Para imagens confocal das células rotuladas e infectadas, selecione o anticorpo secundário apropriado e comprimentos de onda DAPI, e defina o formato de imagem para 1.024 por 1.024 pixels com uma linha média de oito. Em seguida, imagem cada poço no slide de quatro poços sob o objetivo de 100x. Para contar um grande número de células, obtenha de cinco a dez imagens de campos consecutivos no mesmo poço abaixo do objetivo de 40x.
Para analisar a distribuição nuclear e citoplasmática do ICP0, abra o projeto no software de aplicação confocal e selecione uma imagem. Abra a guia Quantidade e selecione Classificar regiões de interesse no menu Ferramentas. Selecione Desenhar linha e desenhe uma linha longitudinal através da célula a ser analisada.
Um histograma aparecerá mostrando a intensidade da fluorescência ao longo da linha tanto para a proteína de interesse, quanto para DAPI. Com base na coloração de fundo, configure um limiar constante para a intensidade da proteína de interesse para análise da distribuição subcelular da proteína em cada experimento. Se o sinal proteico, em média, estiver abaixo do limiar na região nuclear, mas estiver acima do limiar além do limite da DAPI, categorize o sinal proteico como predominantemente localizado dentro do citoplasma.
Se o sinal proteico estiver acima do limiar em todo o núcleo, e além do limite do sinal DAPI, agrupar o sinal de proteína como núcleo mais a localização citoplasmática. Se o sinal de proteína estiver acima do limiar no núcleo, mas em média está abaixo do limiar fora do limite do sinal DAPI, o sinal de proteína agrupa o sinal de proteína como uma localização nuclear. Finalmente, tabular mais de 200 células infectadas de cada amostra em diferentes pontos de tempo de infecção, e traçar os dados em um gráfico de barras para ilustrar o movimento da proteína de interesse ao longo do tempo.

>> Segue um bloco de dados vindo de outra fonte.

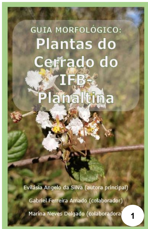
Figuras 1 - 4. Capa e Introdução do GUIA.
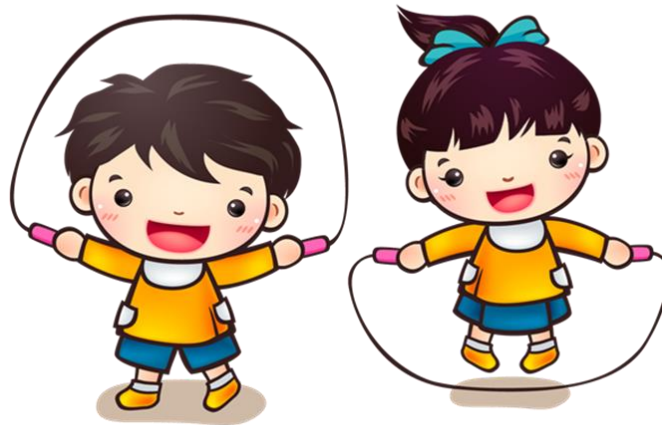
Slika 1. Tjelesna aktivnost-preskakanje vijače

predškolske dobi kreće se veći dio dana te na taj način potiče rast i razvoj. To je vrijeme kada dijete uči i stabilizira hod, počinje trčati, skakati, penjati se. Prirodne potrebe djeteta za kretanjem treba zadovoljiti, ali i njima rukovoditi.
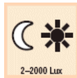
2–2000 Lux Dämmerungseinstellung
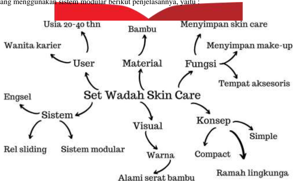
Gambar 2. Mind Mapping

Maka untuk melakukan proses perancangan dilakukan beberapa tahap seperti pembuatan mind mapping , mood board , dan image chart . Hal ini dilakukan untuk mempermudah proses perancangan dan mengetahui produk dan bentuk seperti apa yang akan dirancang. Permasalahan dalam perancangan ini yaitu pengguna yang membutuhkan beberapa wadah untuk menyimpan beberapa produk skin care, make up, beserta aksesoris lainnya, yang mana wadah ini untuk disimpan diatas meja kerja ataupun meja belajar. Maka dari itu penulis merancang wadah yang bisa memenuhi kebutuhan pengguna dengan menggunakan material bambu, dan wadah ini juga dirancang menggunakan sistem modular berikut penjelasannya, yaitu :
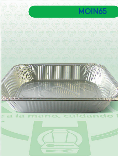
Molde de Aluminio Media Pavera AL-2923

Marca. INIX Precio Paquete. $30.00 Precio de Caja. $2,500.00
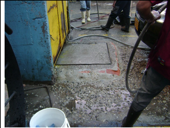
Foto No. 1 – Vista de placa de tanque subterráneo donde se re-circula el agua extraída del pozo identificado con código pz-11-0090
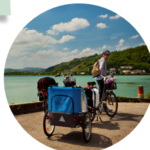
Le Rhône à Condrieu (69)

Téléchargez gratuitement l'application Hachette SCAN, scannez la couverture et les pages de ce guide pour accéder à des contenus inédits.
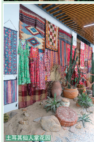
土耳其仙人掌花园
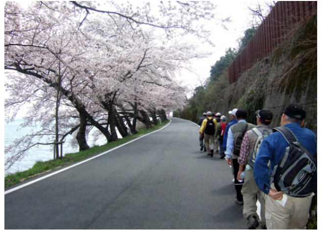
快適な桜見の散策でした
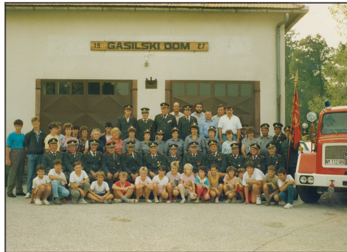
Članstvo društva ob 60 - letnici

9. avgusta 1987 je bilo Občinsko tekmovanje vseh gasilskih enot v Globokem. Mladinska ekipa Globoko je dosegla prvo mesto. Tega dne je bila tudi proslava ob 60 – letnici delovanja gasilskega društva Globoko. Pokrovitelj prireditve je bila DO SALONIT ANHOVO, Opekarna Rudnik Globoko. Ob tem prazniku so bila vsem članom društva podeljena društvena odlikovanja. Odlikovanja so prejela tudi vsa društva, ki so takrat imela center v Globokem.
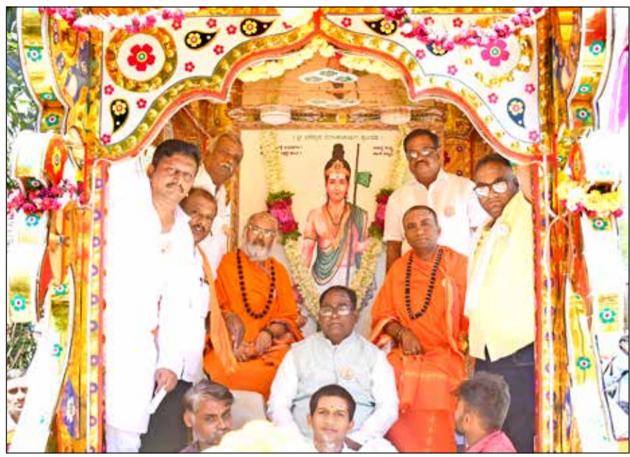
ದಾವಣಗೆರೆ, ಮಾರ್ಚ್ 12- ಶ್ರೀ ಆದಿ ಜಗದ್ಗುರು ಶ್ರೀ ಮಧ್ವೇಶ್ವರ ಮಹಾಪುತ್ರ ಸ್ವಾಮೀಶ್ವರರಾದ ಶ್ರೀ ಆದಿ ಜಗದ್ಗುರು ರೇಣುಕಾಚಾರ್ಯರ ಜಯಂತಿ ಹಿನ್ನೆಲೆಯಲ್ಲಿ ಶ್ರೀ ರೇಣುಕಾಚಾರ್ಯರ ಭಾವಚಿತ್ರದ ಸಾರೋಟ ಉತ್ಸವವು ಶ್ರೀ ಶೈಲ ಮಠದಿಂದ ರೇಣುಕಾ ಮಂದಿರದವರಿಗೆ ನಡೆಯಿತು.
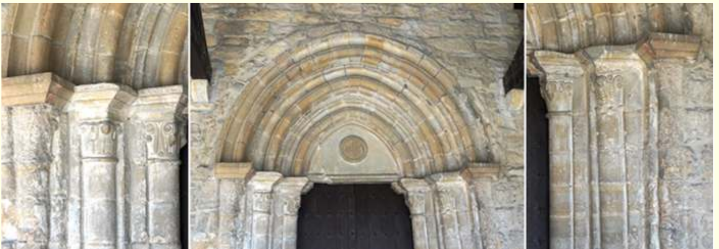
❶ Capiteles del lado izquierdo con motivos vegetales. ❷ Sus arquivoltas baquetonadas y en tímpano un crismón. ❸ Lado derecho..

Sobre su puerta ostenta un tímpano liso con un crismón trinitario.
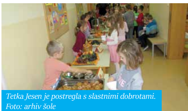
Tetka Jesen je postregla s slastnimi dobrotami.
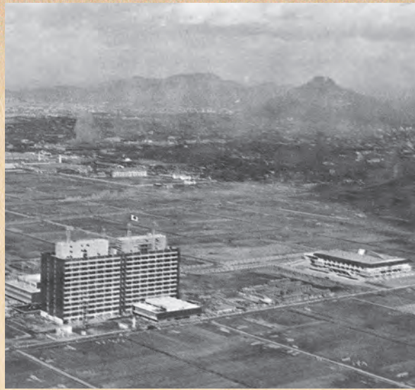
▲田んぼの中の新県庁（昭和41年）
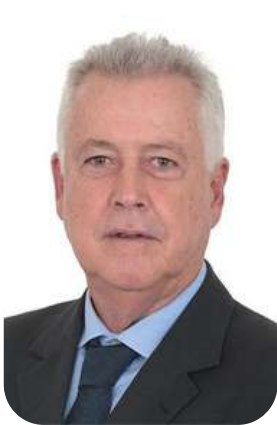
Rodrigo Rollemberg PSB-DF
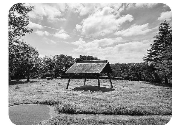
利用者のニーズに応えられる施設へ (野外活動センター相撲場)

答 スポーツ施設の指定管理者であるNPO法人アクアゆめクラブでは、スポーツ利用者へのアンケート調査を実施している。今後も、このアンケート調査を参考に、施設の改修、それから改善に努めていきたい。施設利用者の声を大切に、よりよい施設運営を行っていきたく考えている。
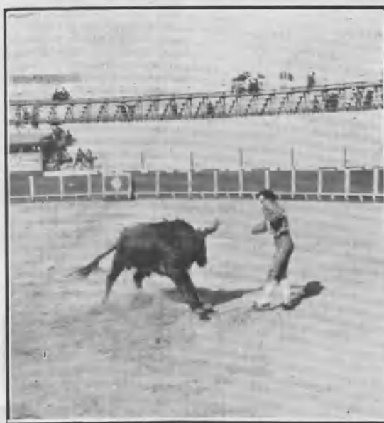
«Corchaito» á la salida de un par.
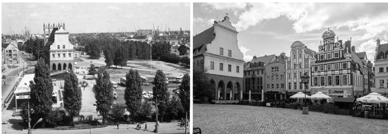
Fig. 2. Left: Development condition of the Castle borough in the '80s. Right: Rynek Sienny (Haymarket), 2017.

The issue of bombardment of the Old Town is especially important for the topic of this paper. After the War, the Old Town buildings were not reconstructed. The renovations included only a small number of surviving historical constructions, and among them the Pomeranian Dukes' Castle had a top priority. Consecutively, renaissance Loitz House and Old City Hall were renovated. The rest of the Old Town was only cleaned from the rubble and left for decades without any intervention. The upper part of the Old Town started being developed in the 1960s. The apartment housing complex was build up there. Fortunately, due to financial problems the plans for constructing four high rise buildings in the close neighborhood of the Old City Hall were dropped. Only in 1994 the development of the lower parts of the Old Town, considered as a Castle borough, started to unfold. The implementation of this construction project agreed with the compliance to historical spatial arrangement of this part of the city (Fig. 2, 3).
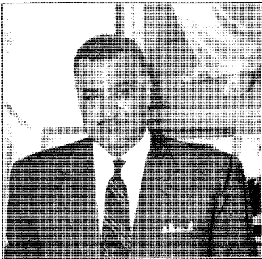
جمال عبد الناصر من الثورة إلى السلطة

Como demonstrado, este método facilita a análise da translocação nuclear-citoplasmática de proteínas de interesse. Por exemplo, a proteína celular infectada zero, ou iCP0 mudanças de distribuição subcelular à medida que uma infecção viral progride. Para entender os elementos necessários para o tráfico de ICP0 durante a infecção, os movimentos ICP0 podem ser rastreados em células infectadas pelo Tipo Selvagem e No Tipo Mutante Herpes Simplex 1-infectadas em diferentes fases de infecção, permitindo a avaliação da distribuição subcelular de ICP0 em diferentes pontos de tempo de infecção.
É importante lembrar de usar culturas de monocamadas para que os virions tenham acesso igual às células e normalizar a multiplicidade de infecção de acordo com o título do vírus para que a progressão da infecção seja comparável entre e dentro dos vírus. Após cada desenvolvimento, essa técnica abriu caminho para pesquisadores das áreas de biologia e virologia celular explorarem o movimento proteico estudando as localizações subcelulares temporais de proteínas de interesse dentro de uma população celular.